== EXERCISE DATA ==
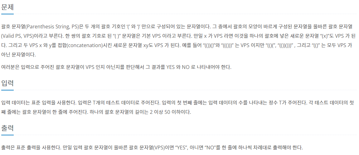 괄호 문자열(Parenthesis String, PS)은 두 개의 괄호 기호인 ‘(’ 와 ‘)’ 만으로 구성되어 있는 문자열이다. 그 중에서 괄호의 모양이 바르게 구성된 문자열을 올바른 괄호 문자열(Valid PS, VPS)이라고
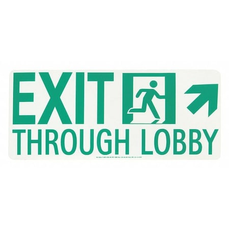 Jessup Glo Brite 50R-4SN-UR Rigid Photoluminescent "Running Man" "Exit Through Lobby" Sign (7-Inch by 16-Inch), Right Runner/Up Right Arrow
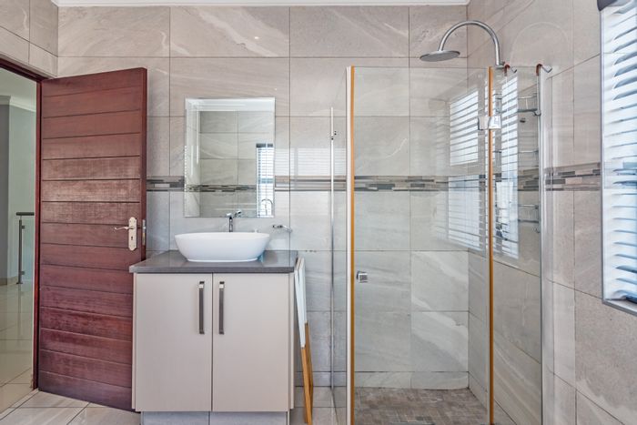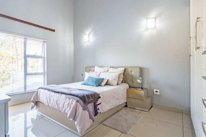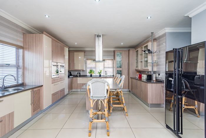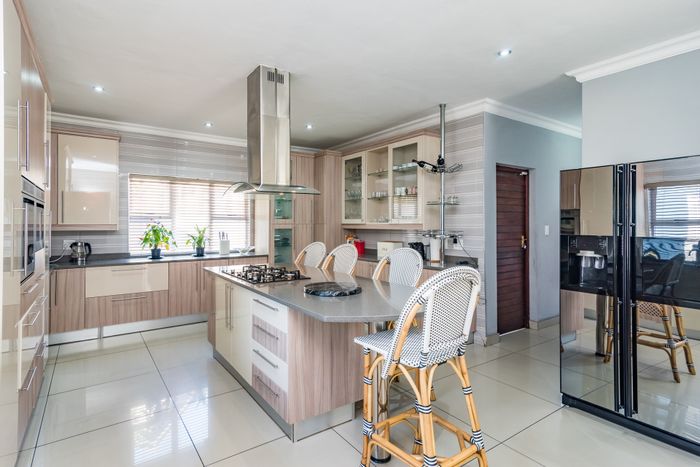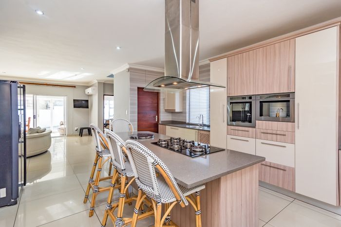Refined estate living within a prestigious, secure enclave — light-filled interiors, gourmet designer kitchen, enclosed entertainment patio overlooking manicured garden and pool; four en‑suite bedrooms, ample parking.

== EXERCISE ==
Give again the lines from the line that contains "Jessup Glo Brite" through the last line of the material above, exactly and with both ends included. Omit the pictures.

== YOUR RESPONSE ==
 Jessup Glo Brite 50R-4SN-UR Rigid Photoluminescent "Running Man" "Exit Through Lobby" Sign (7-Inch by 16-Inch), Right Runner/Up Right Arrow
Refined estate living within a prestigious, secure enclave — light-filled interiors, gourmet designer kitchen, enclosed entertainment patio overlooking manicured garden and pool; four en‑suite bedrooms, ample parking.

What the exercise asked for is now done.